[Saved entries]
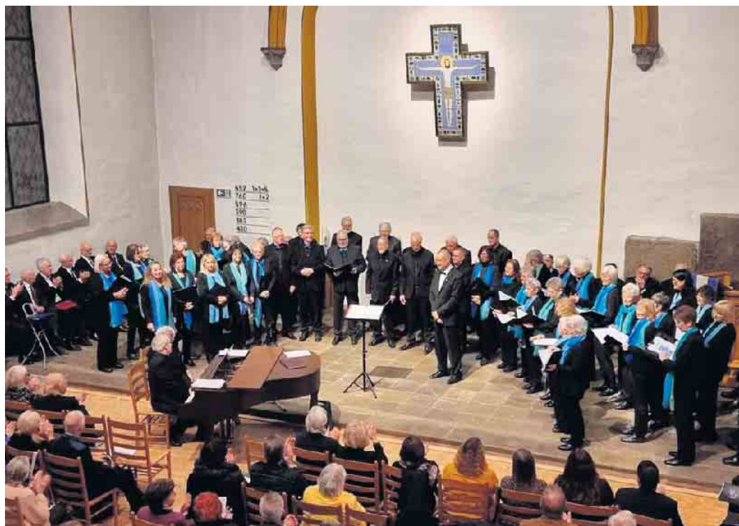
Auftritt in Honrath am 5. November.

Bei „Heal die world“ musste improvisiert werden. Der Solist war erkrankt und musste ganz spon-
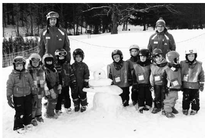
Gepardi a Panteři

To vám bylo tak. MŠ Duha pořádá každoročně spoustu aktivit pro naše děti, kurz lyžování však doposud ne. Slovo dalo slovo a také u nás jsme se chystali na I. ročník lyžařského kurzu pro děti od 4 let. S naší skupinkou 24 dětí jsme spolu s dětmi z MŠ a ZŠ Hutisko-Solanec rozjízďeli také I. ročník lyžování se strašidýlkem Razulákem ve skiareálu Razula ve Velkých Karlovicích. Zde, na svahu pod hotelem Horal, na super sjezdovce pro začínající lyžaře, má společnost SUN Outdoor vybudován od letoška nový dětský snow-park, který nám byl po dobu týdenního kurzu zcela k dispozici. Tak už víte, jak to všechno začalo. Chcete vědět, jak to bylo dál?
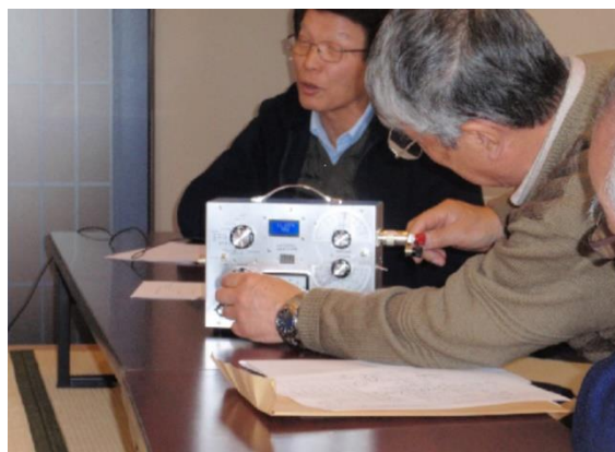
総会 風景 KJH局の話に聞き入っています
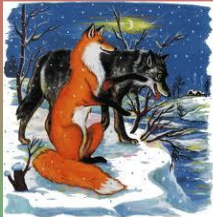
«Волк и лиса»
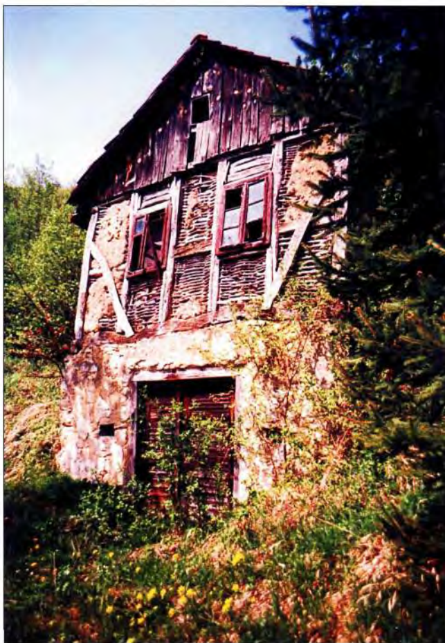
Slika 13. Klet iznad Vojakovačkog Osijeka- podrum od kamena, iznad podruma pleter omazan ilovačom.

A. Muraj piše "No krov nije pokrivaio svaki seljak sam, već bi taj posao povjerio krovcu . Bili su to spretniji seljaci, koji su vještinu pokrivanja krovova usavršili kao svoju specijalnost, a sav alat sastojao im se od željezne kuke za provlačenje, žljebaste daske za sabijanje i izravnavanje krovne plohe, te elastičnih šiba za pričvršćivanje. Snop po snop ritka (snopovi slame) vezali su o letve užetom, usukanim od slame, radeći od donjeg ruba strehe prema sljemenu. Načinom, što su ga usvojili kasnije, ovako rasprostrtu slamu učvršćivali bi još štapovima, koje su prekrivali narednim redom slame, tako da nisu bili vidljivi. Možemo ih razabrati tek na krovovima koji su već oštećeni. Lijepo izgledaju bridovi streha, jer su na mnogim krovovima oblikovani stepeničasto, a također i sljeme, izvedeno slamom pletenom poput pletenica, sa valjkastim završecima na rubnim točkama -tzv. puranima . Trajnost takvih krovova iznosila je 50-60 godina".
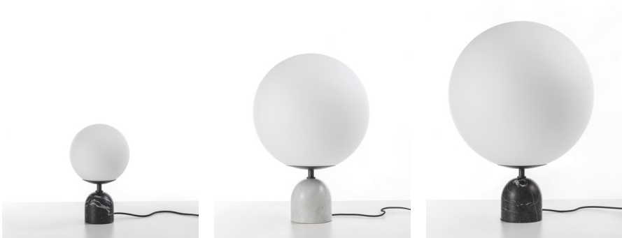
Table lamp with dimmable LED lighting. Cylindrical marble base available in white Carrara or grey Carnico, central pole in grey pewter metal and diffuser in white opal frosted glass.

Lampada da tavolo con luce LED dimmerabile. Base cilindrica in marmo bianco Carrara o grigio Carnico, stelo centrale in metallo verniciato finitura grigio peltro e diffusore in vetro opalino bianco acidato.
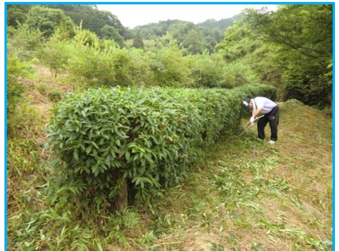
A ゾーン(果樹エリア)下段のレンギョウの生垣の剪定作業
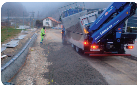
Pose de pavés au chemin de la Nancoran
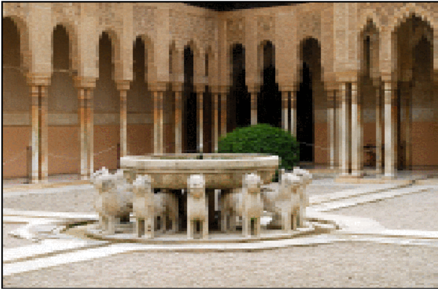
അൽ ഹറ കൊട്ടാരത്തിലെ കോർട്ട് ഓഫ് ലയ്ൻസ്

കൊർദോവയിൽ അബ്ദുൽറഹ്മാൻ മൂന്നാമൻ അൽ സഹറ നഗരവും അൽ സഹറ കൊട്ടാരവും നിർമ്മിക്കുകയുണ്ടായി. പ്രസ്തുത കൊട്ടാരത്തിൽ നാനൂറ് മുറികളും അടിമകളുടെയും കാവൽക്കാര്യുടെയും ഭവനങ്ങളും കൊട്ടാരത്തിലുണ്ടായിരുന്നു. കൊർദോവയിലെ ഗ്രാഡൻകീവർ നദിയുടെ അഭിമുഖമായി സ്പെയിനിന്റെ വടക്ക് പടിഞ്ഞാറായിട്ടായിരുന്നു ഈ നഗരം സ്ഥാപിച്ചിരുന്നത്.
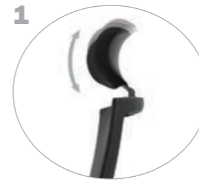
1 조절형 헤드레스트 사용자 체형 및 자세 변화에 따라 적절한 높이로 손쉽게 조절 가능 ADJUSTABLE HEADREST According to the user's body type and posture, it is possible to adjust the height.
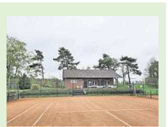
Die Tennisanlage in Elze.
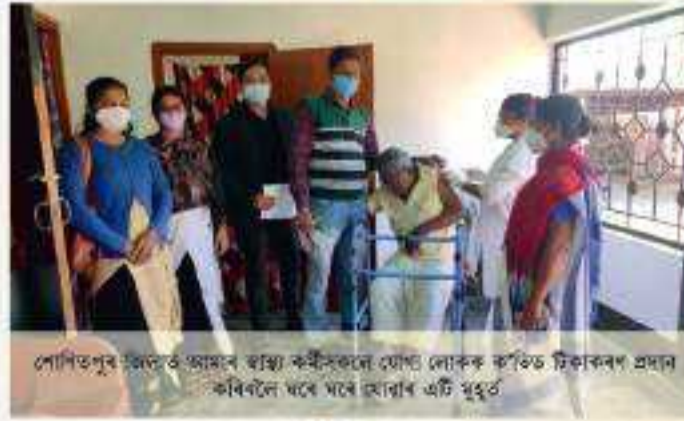
শোণিতপুৰ (মত) আমাৰ স্বাস্থ্যকৰ্মীসকলে যোগা লোকক ক’ভিড টিকাকৰণ প্ৰদান কৰিবলৈ ঘৰে ঘৰে মোৰাৰ এটা মুহূৰ্ত
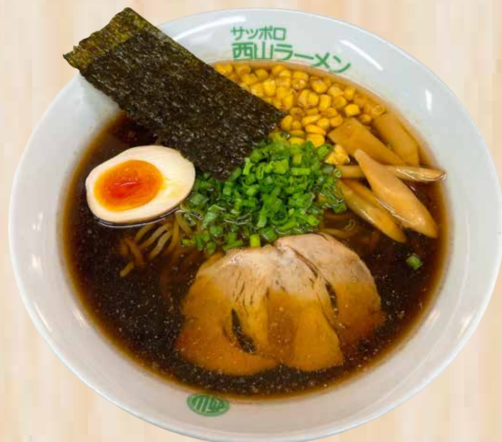
Tokusen Shoyu 特選醤油 $17.8
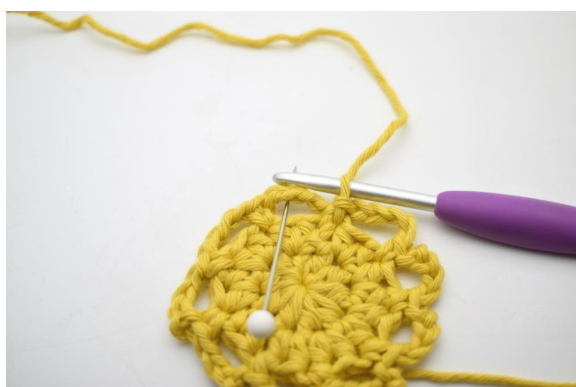
13. Lag 2 km opp langs den første lm-buen så du starter på midten av den.
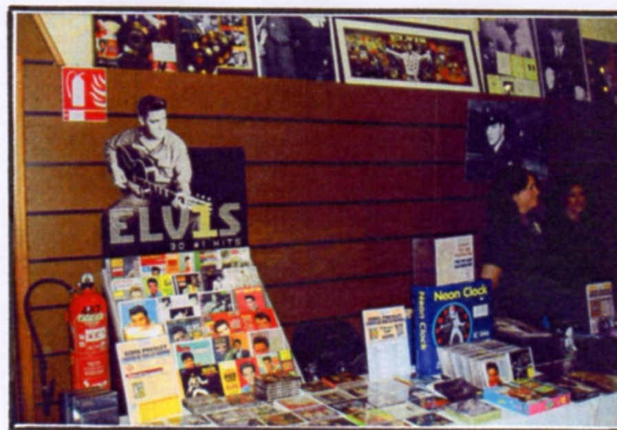
Le stand Elvis my Happiness et ses nombreux articles sur le King

Yvert et Tellier ainsi que les différents négociants ont conseillé leurs clients en les orientant vers le bon choix. Tout un éventail était proposé : catalogues, cartes postales anciennes, albums de classement, timbres et lots de timbres, ainsi que tout le matériel se rapportant à la philatélie et autres collections.
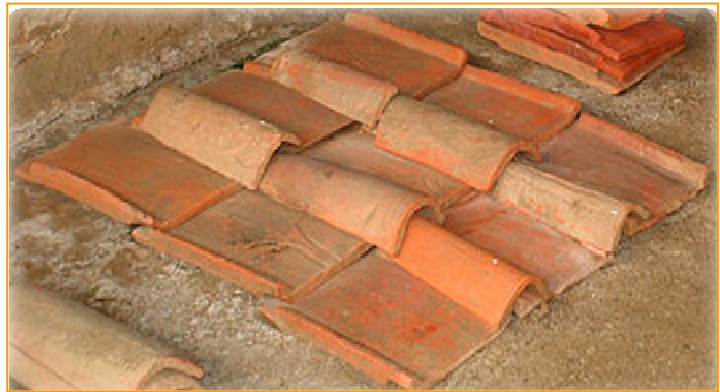
Telhas romanas (tégula e imbrex)

Nos finais do séc. IV / inícios do séc. V, o edifício foi reestruturado, passando a ter uma funcionalidade diferente. Pertence a esta fase de ocupação a maior parte da informação disponível
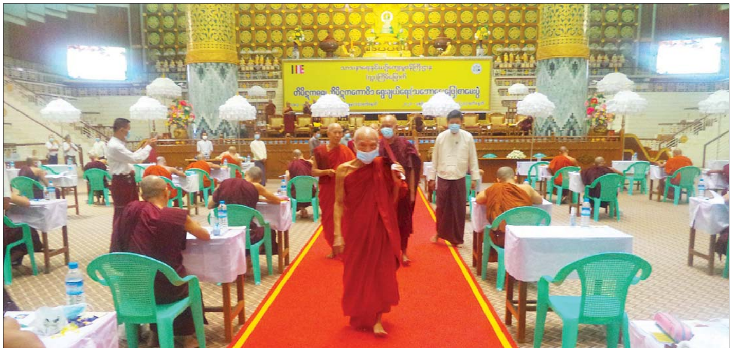
နိုင်ငံတော်သံဃမဟာနာယကအဖွဲ့ ဥက္ကဋ္ဌဆရာတော်ကြီး၊ အကျိုးတော်ဆောင်ဆရာတော်ကြီးနှင့် နိုင်ငံတော်သံဃမဟာနာယကအဖွဲ့၊ တာဝန်ကျ (ပထမအဖွဲ့ခွဲ) မှ ဆရာတော်ကြီးများက (၇၃) ကြိမ်မြောက် တိပိဋကဓရ တိပိဋကကောဝိဒ ရွေးချယ်ရေး (သဘောရေးဖြေ) စာမေးပွဲ ဖြေဆိုလျက်ရှိကြသော စာဖြေသံဃာများအား လိုက်လံကြည့်ရှုအားပေးချီးမြှောက်စဉ်။ သတင်းစဉ်
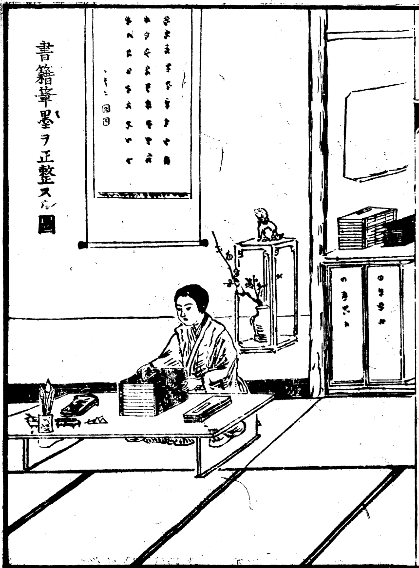
書籍筆墨ヲ正整スル圖
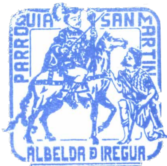
Sello de la parroquia de San Martín

La historia del escudo de Albelda se remonta a tiempos medievales, en relación con el monasterio de San Martín.
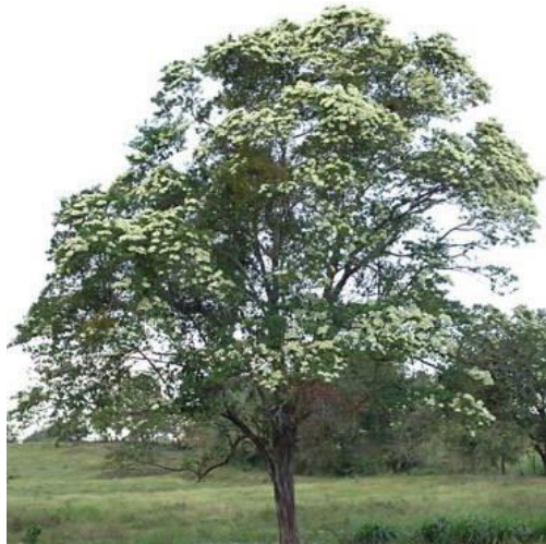
El Madroño: Árbol Nacional

Crece en México, Cuba, Centro América y hasta la parte norte de la América del Sur, con altura media de 15 a 20 metros; de ramas flexibles, color rojo marrón, lustrosas, generalmente con escamas. La madera es pesada, fuerte, de grano fino, elástica y fácil para ser elaborada; se emplea para mangos de herramientas, postes, leña y carbón. En los Estados Unidos se fabrican arcos con ella.
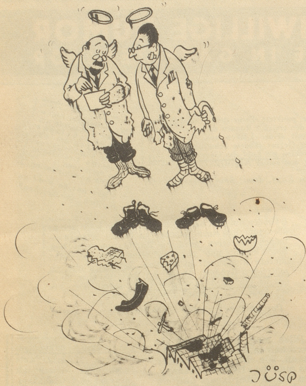
„Wievil Atömli hämmer jetz au am Schluß no gnoo, Herr Kollega?“

WHAT IS BEING ASKED
Count how many lines above contain the word "Martín". Reply with the number alone.

EXERCISE ANSWER
2